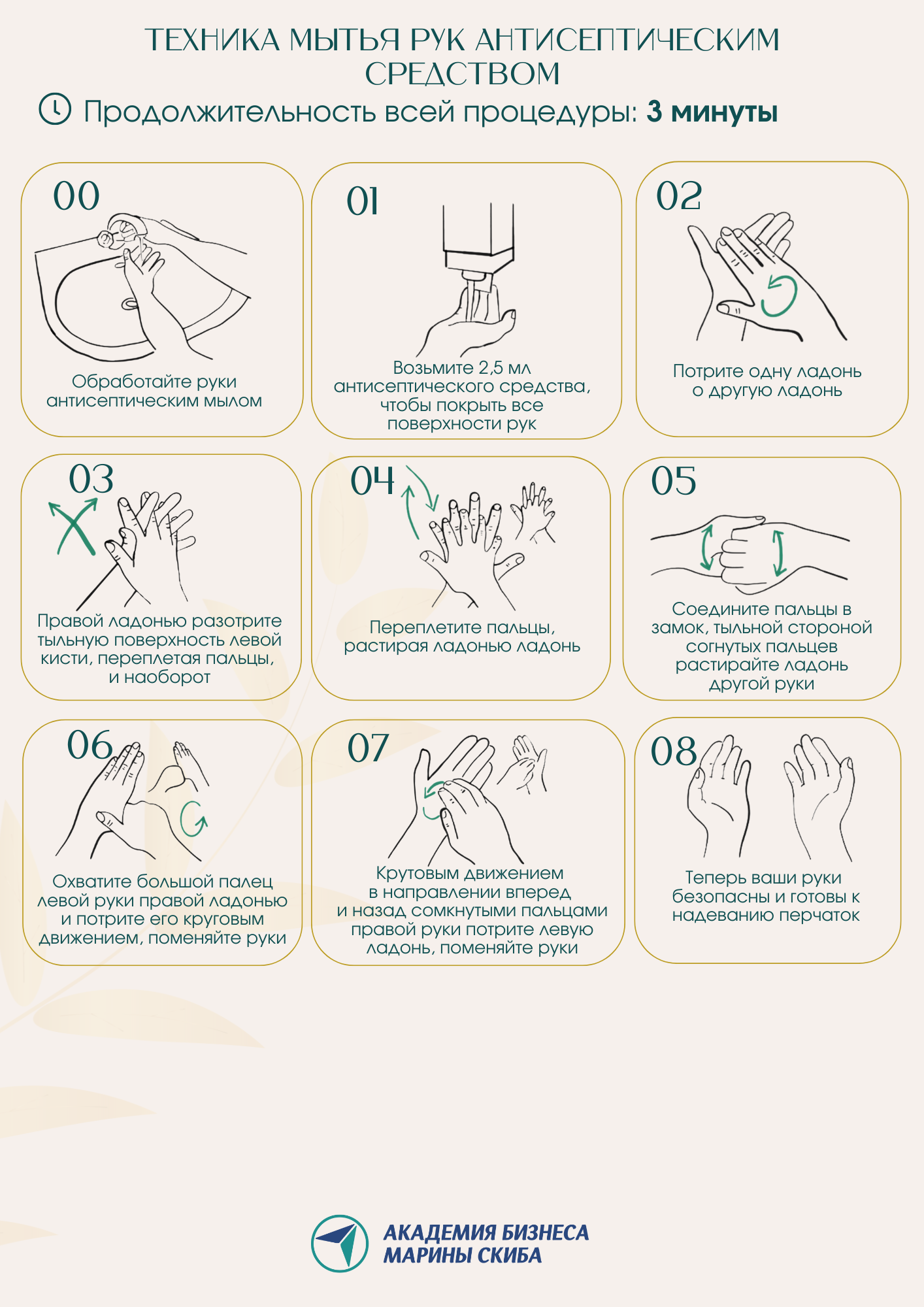 Предположим, Вы описываете процесс качественной обработки рук мастера во время обслуживания клиента.
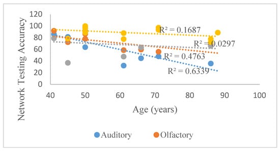 The BLSTM classification accuracy of evoked signals determines the extent to which the brain discriminates and processes the stimulus presented. Table 1 shows the discriminability of evoked responses to sensory motor stimuli (auditory, olfactory, motor imagery, and movement) as defined by network classification accuracy (%) of evoked signals for test groups studied. These results were obtained through intra-subject training and testing (data pertaining to the same subject were used for both training and testing). Table 2 shows the mean inter-subject (data pertaining to more than one subject used for both training and testing) classification accuracies of combined sensory motor potentials per age group. Table 1 and Table 2 suggests that the classification accuracy of the evoked potentials pertaining to all sensory motor stimuli peaks at age range 40–60 and declines thereafter, as demonstrated by responses elicited by auditory stimuli, right motor imagery, and two of the four olfactory stimuli utilized (neem and rosewater). This result is consistent with previous studies [,], concluding that key sensory motor functions such as audition, olfaction and gait peak in one’s 40’s or 50’s, resulting in deficiencies that are evident in one’s 60’s. According to Figure 4, which illustrates the aforementioned trends beginning at 40, the classification accuracy of auditory responses best reflected this trend, with an R2-value of 0.63. In contrast, Figure 5 indicates that the mean classification accuracy of potentials related to movement and motor imagery increases as a function of age. However, Figure 6 shows that when the left and right sides are considered separately, movement- and motor imagery-related stimuli are reliable indicators of age-induced and pathological cognitive deterioration, with the exception of right-hand movement and olfactory (lavender).
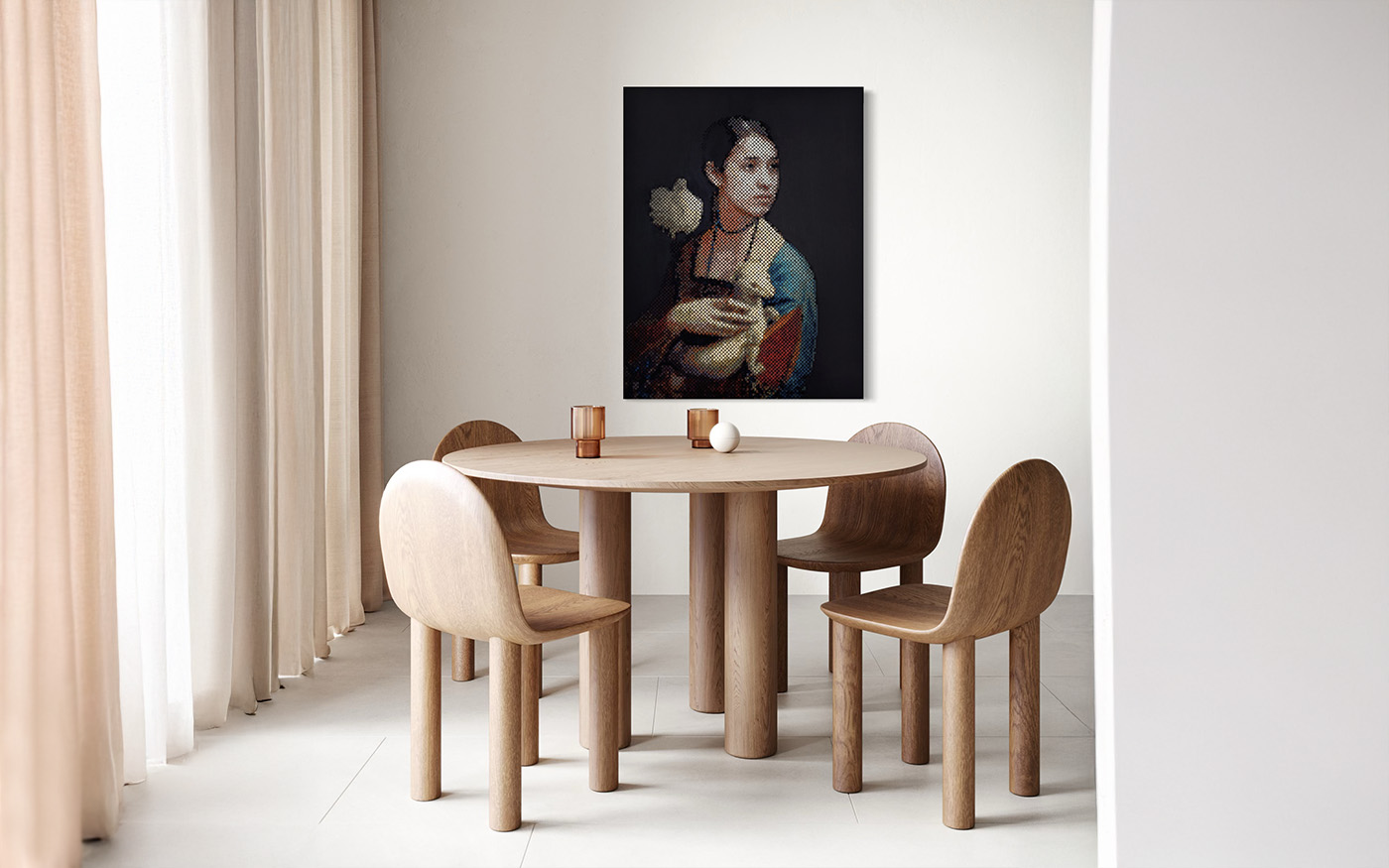 In shaping this piece, I turned to Leonardo da Vinci’s Lady with the Ermine. I dressed Nadia in the guise of that portrait, not as imitation, but as inversion. In da Vinci’s time, the ermine symbolized purity. Here, it becomes an act of restoration, a symbolic return of what was violently taken from her. The dove on her shoulder carries a similar weight, it is a messenger of peace, but also a reminder that her spirit, her inner purity, remained untouched by the violence done to her body. Her soul endured. And that endurance is rare and deeply human.
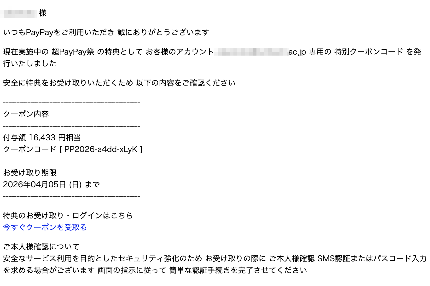 2026年 4月 2日にPayPayを騙る詐欺メールが学内のメールアドレスに送信されてきていることを確認しました。サンプルとして一部を示します。
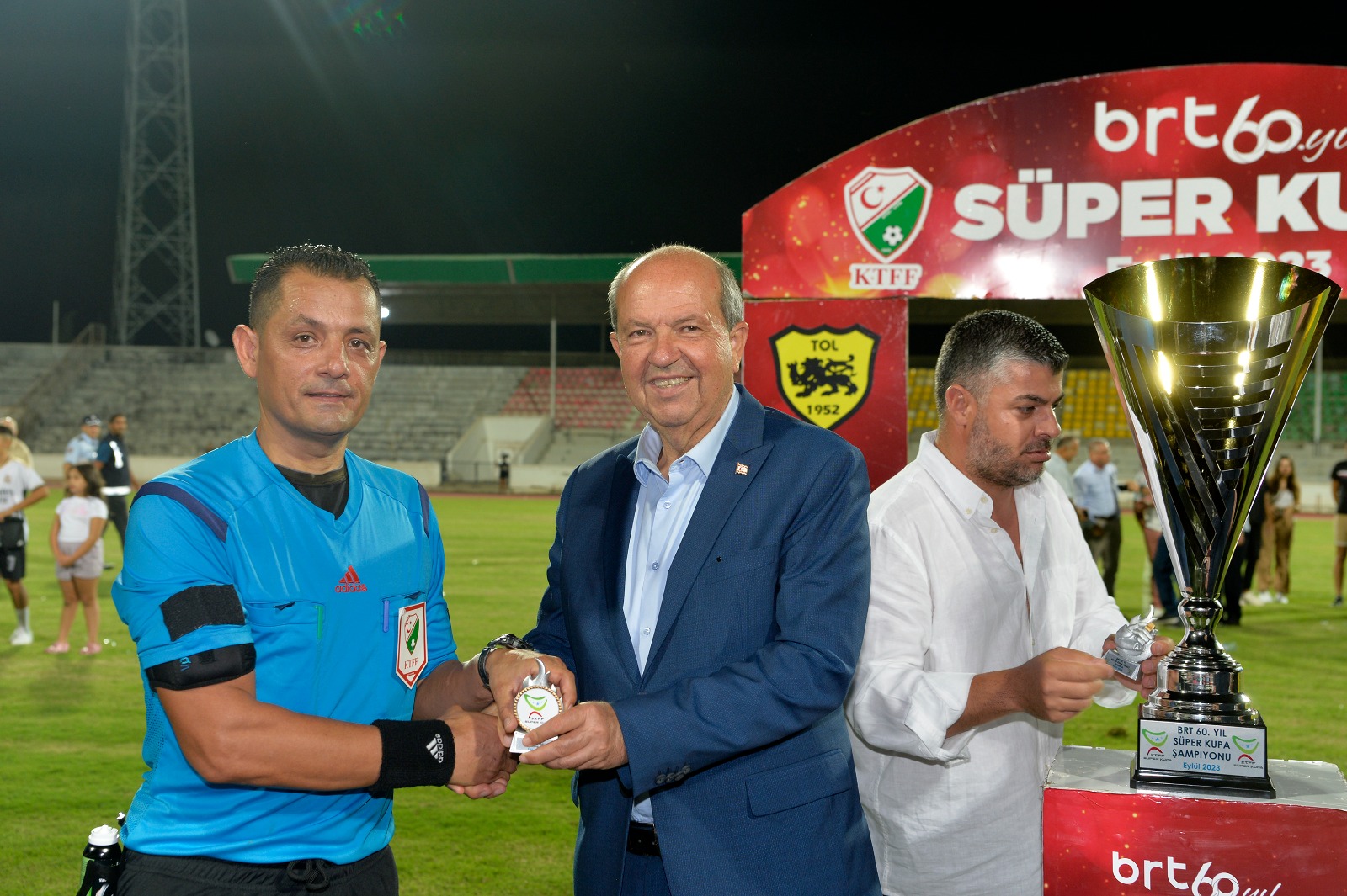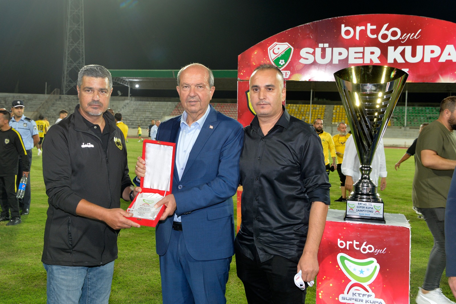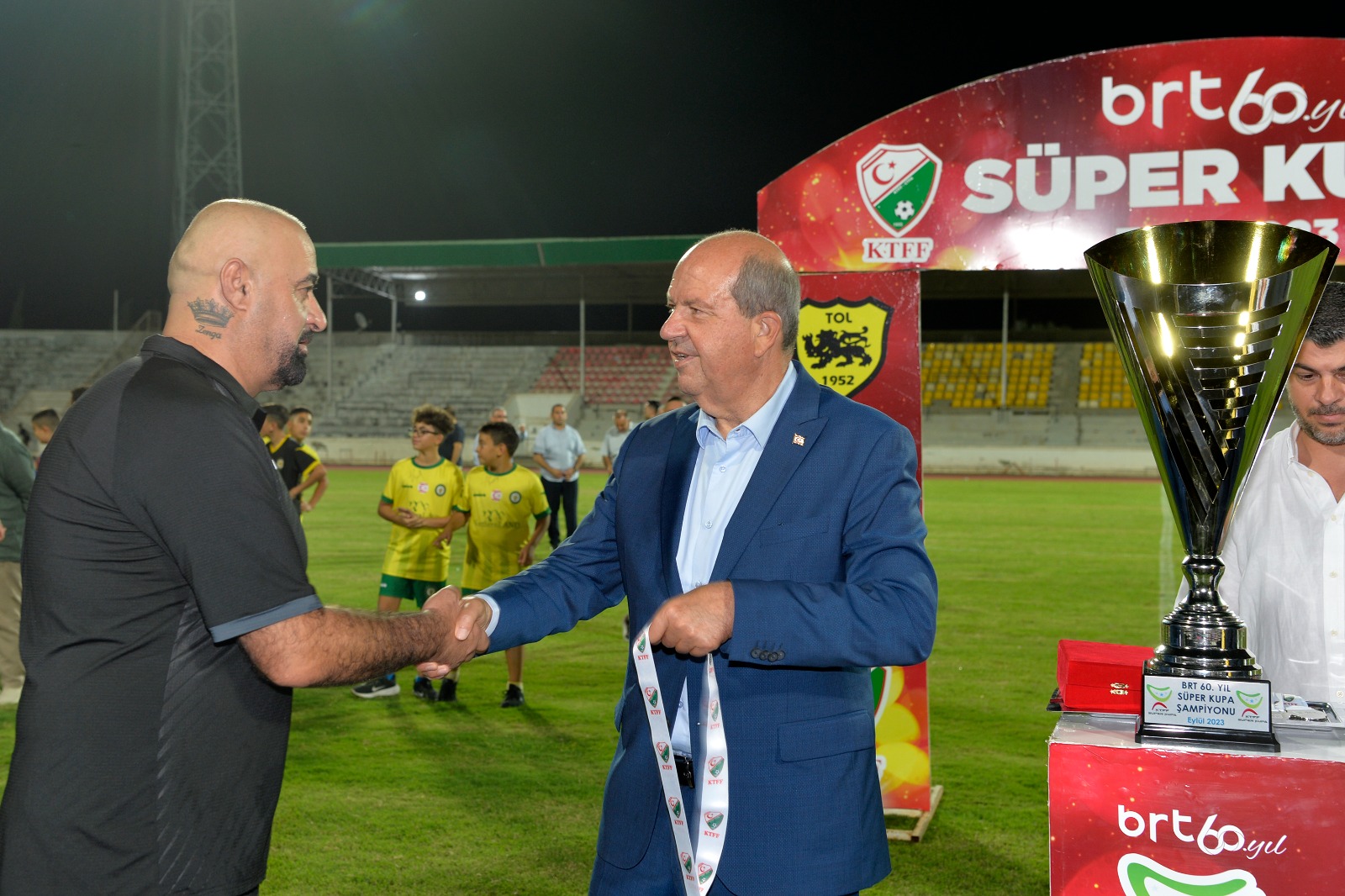 Lefkoşa, 16 Eylül 23 (TAK): Cumhurbaşkanı Ersin Tatar, BRT 60. Yıl Süper Kupa finalini izledi.

● ● ● ● ● ● ●

[Required work]
Leaving out any images, restate every record word for word.

[Exercise output]
 Предположим, Вы описываете процесс качественной обработки рук мастера во время обслуживания клиента.
 The BLSTM classification accuracy of evoked signals determines the extent to which the brain discriminates and processes the stimulus presented. Table 1 shows the discriminability of evoked responses to sensory motor stimuli (auditory, olfactory, motor imagery, and movement) as defined by network classification accuracy (%) of evoked signals for test groups studied. These results were obtained through intra-subject training and testing (data pertaining to the same subject were used for both training and testing). Table 2 shows the mean inter-subject (data pertaining to more than one subject used for both training and testing) classification accuracies of combined sensory motor potentials per age group. Table 1 and Table 2 suggests that the classification accuracy of the evoked potentials pertaining to all sensory motor stimuli peaks at age range 40–60 and declines thereafter, as demonstrated by responses elicited by auditory stimuli, right motor imagery, and two of the four olfactory stimuli utilized (neem and rosewater). This result is consistent with previous studies [,], concluding that key sensory motor functions such as audition, olfaction and gait peak in one’s 40’s or 50’s, resulting in deficiencies that are evident in one’s 60’s. According to Figure 4, which illustrates the aforementioned trends beginning at 40, the classification accuracy of auditory responses best reflected this trend, with an R2-value of 0.63. In contrast, Figure 5 indicates that the mean classification accuracy of potentials related to movement and motor imagery increases as a function of age. However, Figure 6 shows that when the left and right sides are considered separately, movement- and motor imagery-related stimuli are reliable indicators of age-induced and pathological cognitive deterioration, with the exception of right-hand movement and olfactory (lavender).
 In shaping this piece, I turned to Leonardo da Vinci’s Lady with the Ermine. I dressed Nadia in the guise of that portrait, not as imitation, but as inversion. In da Vinci’s time, the ermine symbolized purity. Here, it becomes an act of restoration, a symbolic return of what was violently taken from her. The dove on her shoulder carries a similar weight, it is a messenger of peace, but also a reminder that her spirit, her inner purity, remained untouched by the violence done to her body. Her soul endured. And that endurance is rare and deeply human.
 2026年 4月 2日にPayPayを騙る詐欺メールが学内のメールアドレスに送信されてきていることを確認しました。サンプルとして一部を示します。
 Lefkoşa, 16 Eylül 23 (TAK): Cumhurbaşkanı Ersin Tatar, BRT 60. Yıl Süper Kupa finalini izledi.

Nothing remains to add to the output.